東西冷戦の象徴だったベルリンの壁が崩れてから9日でちょうど25年。共産主義陣営と自由主義陣営の垣根がなくなり、人が自由に移動し始めた。人・モノ・金が世界中を自由に駆け巡り始め、グローバリゼーションが一気に加速した。

中国が驚異的な高度経済成長を遂げ、ソ連崩壊で唯一の超大国になった米国もアフガニスタン、イラクという2つの戦争で疲弊。世界金融危機でアメリカン・ドリームも色あせた。「米国の衰退」は政治・経済・文化・軍事など、いろいろな面で顕著になってきている。

欧州では東西ドイツ統合の原動力となった「人の自由移動」の大原則に英国のキャメロン首相が異を唱え、ドイツのメルケル首相に一喝されるという事件が起きた。英国のサッチャー首相がドイツのコール首相にハンドバッグを振り回していた時代とは大違いだ。

アジアでは「中国の夢」を掲げる中国の習近平国家主席が9日に開幕したアジア太平洋経済協力会議(APEC)・CEOサミットで「インフラ整備を通じて各国間の経済の距離を縮めることで、アジア太平洋地域がつながり、世界と道が通じることになる」と強調した(日経新聞より)。
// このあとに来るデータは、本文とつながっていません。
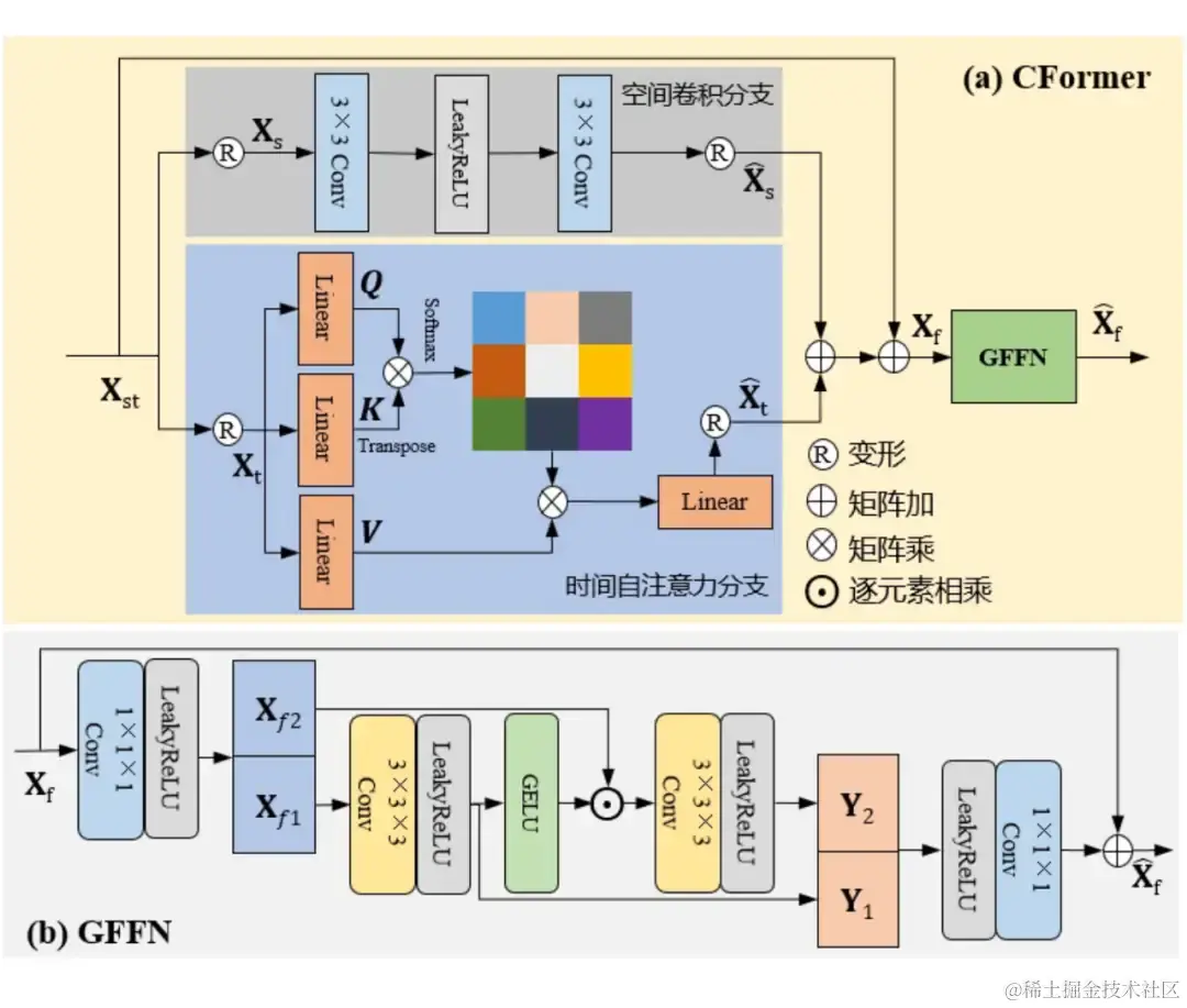 不难看出,CFormer 块在 ResHNet 块中起到至关重要的作用。如图 3 所示, CFormer 块基于时空分解机制和 CNN-Transformer 架构,其主要包括: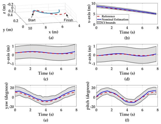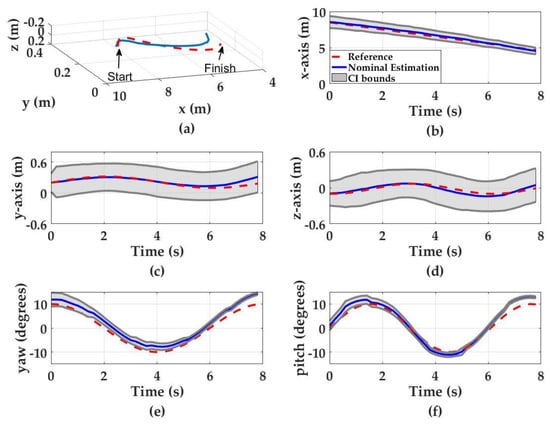 Monte Carlo simulation results for three-dimensional zigzag motion. Red dashed curves denote the UUV motion, blue curves denote the nominal position estimations and the gray regions denote the 95% confidence interval. (a) The UUV trajectory in zigzag motion (3D space); (b) x-axis estimations; (c) y-axis estimations; (d) z-axis estimations; (e) yaw estimations; and (f) pitch estimations.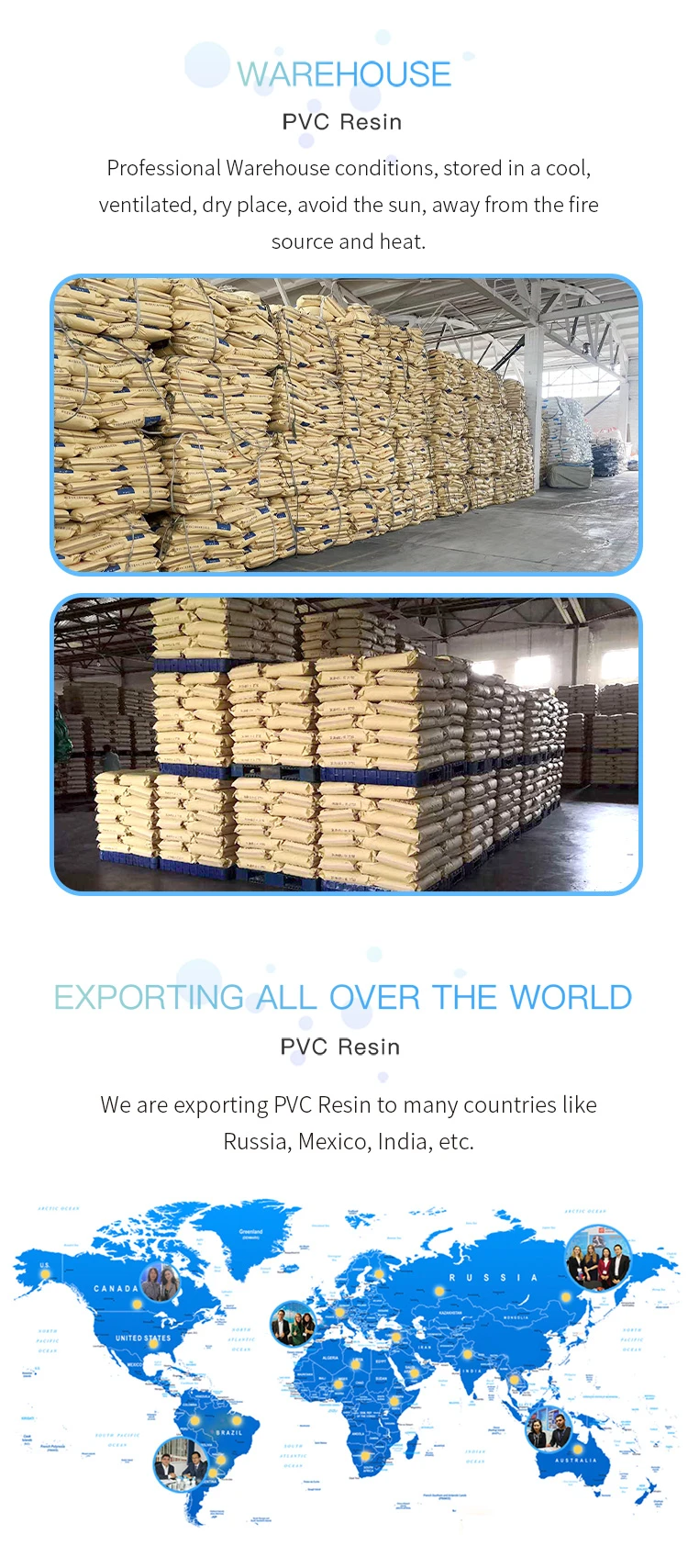 Property:PVC resin, the physical appearance is white powder, non -toxic and odorless. The relative density is 1.35-1.46, the refractive index is 1.544 (20℃). Insoluble in water, gasoline, alcohol and chloroethylene, soluble in solvents such as acetone, dichloroethane, xylene and so on. Chemical stability is high and has good plasticity.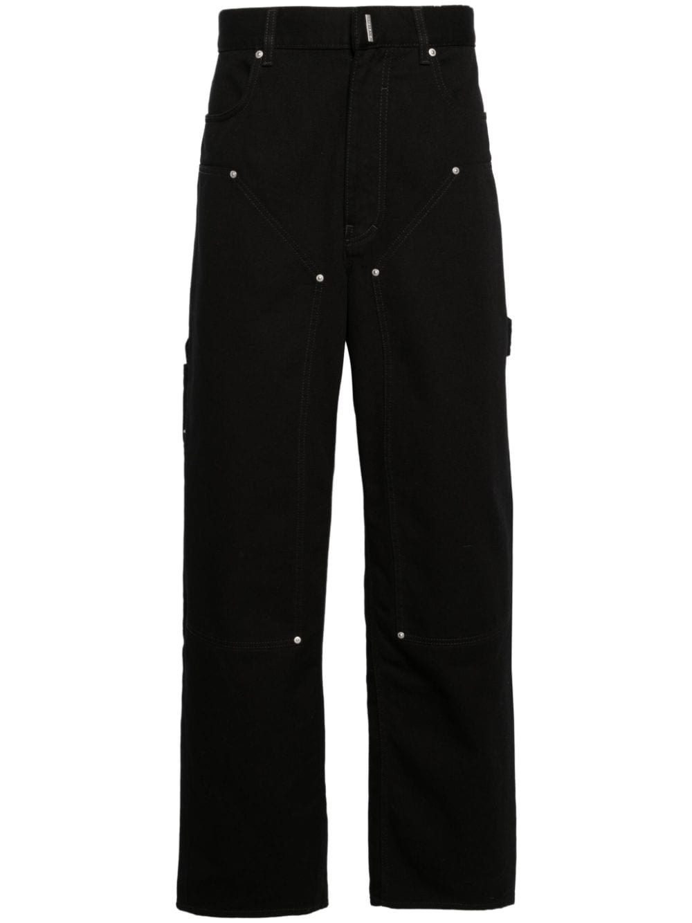 wide-leg logo-plaque carpenter jeans Highlights - Black - Cotton - Denim - Carpenter-style - Wide leg - Logo plaque to the rear - Embroidered logo to the rear - Tonal stitching - Metal eyelet detailing - Loop strap - Belt loops - Concealed front fastening - Two front pouch pockets - Two rear patch pockets - Straight hem Made in Italy Composition Outer: Cotton 100% Lining: Polyester 65%, Cotton 35% SIZE & FIT Model measurements Height 6 ft 2 in(1.87 m) Bust/Chest 36.41 in(92.5 cm) Hips 37 in(94 cm) Waist 29.52 in(75 cm) FittingInformation Designed with a wide leg, offering a loose and roomy fit Made from a midweight non-stretch fabric This piece fits true to size – take your usual size

中国はアジアインフラ投資銀行(AIIB)や「シルクロード経済ベルト」と呼ぶ中央アジア諸国との経済協力構想、アジア信頼醸成措置会議(CICA)を通じて、アジアでのソフトパワー覇権を構築する野望を描いている。

究極の構造改革は憲法改正だ

世界が激変する中、日本が今すぐ取り組まなければならないのは、究極の構造改革となる憲法改正以外にないと確信する。筆者が9条の改正より重要と考えるのは、まず憲法改正の是非を国民に直接問いかけて、「国民主権」のレゾンデートル(存在意義)に目覚めてもらうことだ。

日本の国内メディアでは、消費税の再増税先送りと衆院の早期解散がにわかに浮上してきたと報じられている。「再増税先送りを掲げれば総選挙に勝てる」という、海外から見ればもはやオカルトとしか言いようがないロジックだ。

日銀のバランスシートを年80兆円ずつ増やす「黒田バズーカ2」でさえ、もはや黒魔術と言えるのに、消費税の再増税を先送りにしてしまったら、いつ再増税できるのか保証はまったくない。80兆円という金額は日本の国内総生産(GDP)の約16%に相当する。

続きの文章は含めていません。